Parcel-level infiltration and drainage data were mapped on their own axes, and their symbology was assigned as per numerical bins corresponding to increasingly restrictive hydrologic conditions as green, yellow, orange, and red “lights” (Figure 2). By way of example, mapping field data onto this framing, parcels with green lights for infiltration and drainage metrics are highly functioning regarding hydrologic ecosystem services, such as regulation of stormwater runoff, and connectivity with blue assets. At the other extreme, red lights for both metrics direct the user to consider redevelopment of what is largely an impermeable parcel that minimally cycles rainfall or snowmelt inputs. The orange and yellow lights warn of higher infiltration rates without proper capacity to percolate this water and inform that slow infiltration is relatively easier to remedy than slow drainage. Note that yellow and orange signals are interchanged for drainage status. This arrangement emphasizes the impact of lower drainage rates on limiting connectivity and hydrologic services, as per the difficulty involved in improving drainage rates (e.g., by excavation, soil replacement, tile drainage, etc.).
Figure 2.
Summary stoplight approach to sorting infiltration and drainage rate field data. The descriptions embedded in each color field are worded for clear communication of prospects and limitations of observed parcel-level hydrology and, where applicable (Orange, Yellow), options for restorative management of parcel landscapes.

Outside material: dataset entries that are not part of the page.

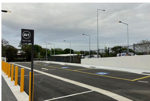
Kiss 'n' ride and accessible parking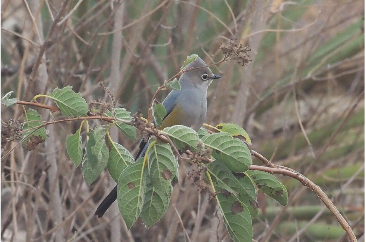
Grey Silky-flycatcher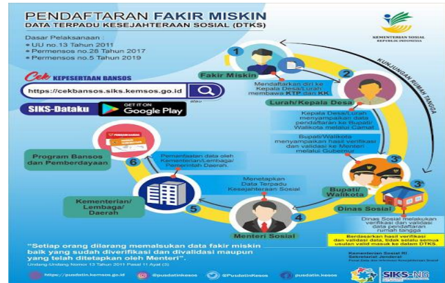
Figure 4: The display of Procedure for Data Collection through SIKS-GS.

Periodic updating of data by district/city Social Services through SIKS-NG distributes the social security fund to the right target, in the right amount, and at the right time.

We used the Global Moran’s I geoprocessing algorithm in ArcGIS Pro (ver. 3.4.0, ESRI Inc., Redlands, CA, USA) to analyze spatial autocorrelation in surface soil textural class data. Categorical soil textural class data were reclassified to numerical codes (i.e., 10, 20, 30, …). The algorithm was set for spatial relationships among data points calculated by inverse distance, Euclidean (straight-line) distances between points, and the default spatial weight standardization by rows. Moran’s 1 value ranges from −1 (dispersion) to 1 (strong spatial patterning), and values closer to 0 indicate a random distribution of surface soil textural class. We report the Moran’s 1 value, and its significance as a p-value, which tests the null hypothesis that the data has a random spatial distribution. Fisher’s Exact Test (2-tailed) tested for independence among infiltration and drainage rate data sorted into stoplight categories. The test was conducted on a 2 × 2 contingency table for each of the Eastside and Westside hydrologic data. We combined the four stoplight categories into less and more restrictive categories (i.e., green-yellow, orange-red) with rows for infiltration, columns for drainage, and table elements were counts for each category. The test was performed in R (ver. 4.4.2, https://www.R-project.org/; fisher.test). The significance level for all statistical tests is defined as p < 0.10.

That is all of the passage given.